Sei ancora quello della pietra e della fionda,
uomo del mio tempo. Eri nella carlinga,
con le ali maligne, le meridiane di morte,
t’ho visto – dentro il carro di fuoco, alle forche,
alle ruote di tortura. T’ho visto: eri tu,
con la tua scienza esatta persuasa allo sterminio,
senza amore, senza Cristo. Hai ucciso ancora,
come sempre, come uccisero i padri, come uccisero
gli animali che ti videro per la prima volta.
E questo sangue odora come nel giorno
quando il fratello disse all’altro fratello:
«Andiamo ai campi». E quell’eco fredda, tenace,
è giunta fino a te, dentro la tua giornata.
Dimenticate, o figli, le nuvole di sangue
Salite dalla terra, dimenticate i padri:
le loro tombe affondano nella cenere,
gli uccelli neri, il vento, coprono il loro cuore.

Com’è subito intuibile, il tema centrale della poesia è il fatto che la natura umana sia
rimasta, nonostante millenni di evoluzione, la stessa di quella dell’uomo della pietra. Istinti,
sentimenti, pulsioni ed egoismo sono la chiave del modo di agire che, ancora in tempi
moderni, spinge l’uomo a fare la guerra, nonostante egli sia pienamente cosciente di cosa
comporta. La scienza ha fatto grandi passi, vero, ma l’uomo utilizza le conoscenza
acquisite per perfezionare le sue armi e portare sempre più distruzione e morte.
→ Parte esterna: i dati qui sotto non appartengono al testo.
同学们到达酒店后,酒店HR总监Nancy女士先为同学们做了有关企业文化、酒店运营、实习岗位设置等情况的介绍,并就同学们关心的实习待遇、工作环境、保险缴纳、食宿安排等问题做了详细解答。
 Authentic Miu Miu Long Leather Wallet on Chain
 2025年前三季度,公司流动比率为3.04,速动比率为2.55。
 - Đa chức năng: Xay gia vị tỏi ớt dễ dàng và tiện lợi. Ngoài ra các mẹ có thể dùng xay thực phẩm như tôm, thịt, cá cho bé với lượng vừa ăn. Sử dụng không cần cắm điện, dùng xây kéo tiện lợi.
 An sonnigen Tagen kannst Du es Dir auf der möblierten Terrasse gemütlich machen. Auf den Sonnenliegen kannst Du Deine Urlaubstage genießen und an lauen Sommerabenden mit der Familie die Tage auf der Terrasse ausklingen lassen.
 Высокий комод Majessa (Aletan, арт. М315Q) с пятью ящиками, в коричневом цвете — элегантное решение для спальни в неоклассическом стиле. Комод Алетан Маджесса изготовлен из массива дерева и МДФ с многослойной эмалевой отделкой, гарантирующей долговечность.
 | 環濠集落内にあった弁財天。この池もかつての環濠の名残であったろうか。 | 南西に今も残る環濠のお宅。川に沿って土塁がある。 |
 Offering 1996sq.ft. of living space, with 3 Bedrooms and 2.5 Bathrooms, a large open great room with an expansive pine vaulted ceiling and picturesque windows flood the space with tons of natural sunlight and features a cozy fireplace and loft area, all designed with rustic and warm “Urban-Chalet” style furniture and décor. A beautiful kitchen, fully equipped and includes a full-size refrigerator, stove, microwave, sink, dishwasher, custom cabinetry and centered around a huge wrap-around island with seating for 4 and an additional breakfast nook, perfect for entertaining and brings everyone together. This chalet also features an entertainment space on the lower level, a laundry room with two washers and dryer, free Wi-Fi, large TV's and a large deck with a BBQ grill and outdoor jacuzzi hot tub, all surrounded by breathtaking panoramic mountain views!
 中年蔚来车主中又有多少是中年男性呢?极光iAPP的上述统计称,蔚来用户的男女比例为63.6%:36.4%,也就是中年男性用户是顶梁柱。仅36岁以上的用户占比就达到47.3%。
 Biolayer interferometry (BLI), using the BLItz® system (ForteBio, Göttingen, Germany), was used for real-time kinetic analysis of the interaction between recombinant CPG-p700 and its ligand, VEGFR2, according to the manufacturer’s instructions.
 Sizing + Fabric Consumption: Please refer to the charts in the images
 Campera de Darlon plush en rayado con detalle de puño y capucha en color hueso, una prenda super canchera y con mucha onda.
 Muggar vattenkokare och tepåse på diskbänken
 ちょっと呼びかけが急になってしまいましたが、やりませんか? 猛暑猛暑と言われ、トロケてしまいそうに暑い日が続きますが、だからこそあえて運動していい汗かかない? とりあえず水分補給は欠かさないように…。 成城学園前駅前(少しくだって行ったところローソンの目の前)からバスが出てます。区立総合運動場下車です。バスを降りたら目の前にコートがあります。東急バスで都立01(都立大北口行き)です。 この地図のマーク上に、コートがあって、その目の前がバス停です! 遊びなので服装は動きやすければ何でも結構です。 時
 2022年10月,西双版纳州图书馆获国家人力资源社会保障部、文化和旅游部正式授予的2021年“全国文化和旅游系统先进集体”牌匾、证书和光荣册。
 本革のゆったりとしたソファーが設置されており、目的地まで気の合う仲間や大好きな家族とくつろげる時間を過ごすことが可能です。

La civiltà, quindi, non ha fatto altro che dare la possibilità di fare guerre più grandi e
distruttive; l’uomo non ha imparato nulla dagli errori passati, e questo è evidente non
appena lo sguardo si posa su missili, carri armati, aerei costruiti apposta per uccidere le
persone.
L’"uomo del mio tempo", dice Quasimodo, ha perso ogni tipo di considerazione per i suoi
simili. Solidarietà, fratellanza, religione: per il poeta tutti questi valori sono ben lontani,
schiacciati dalla violenza che ha sopraffatto l’uomo, considerati gli orrori della Seconda
guerra mondiale.
La mente di Quasimodo va addirittura ai tempi di Caino e Abele, quando il fratello tradiva
l’altro fratello e lo uccideva. Così come allora, anche oggi l’uomo tradisce l’altro uomo e
pone fine alla sua vita. Menzogne e inganno sono giunti fino a noi, ma qui, nella parte finale
del componimento, Quasimodo lancia un appello, che si riapre a una flebile speranza:
i giovani, i figli di oggi, dovrebbero discostarsi da ciò che hanno fatto i padri, che tanto
giacciono ormai nelle tombe e hanno solamente avvoltoi a rodere il loro cuore, mentre
nell’aria si diffonde l’odore dei loro cadaveri portato dal vento.
La crudeltà umana, quindi, rimane nei secoli uguale a se stessa: l’uomo era e rimane
primitivo, istintivo, selvaggio e spietato come quando per uccidere utilizzava utensili
approssimativi. Non ci sono né amore né solidarietà per gli altri, nel nostro tempo.
Quest’orrore di cui Salvatore Quasimodo è stato testimone, che trapela in maniera forte e
chiara anche da altri suoi componimenti come Alle fronde dei salici e Ed è subito sera,
spinge però il poeta ad aprirsi a una speranza sottile, o quantomeno a esortare le nuove
generazioni perché quanto accaduto possa, finalmente, non ripetersi.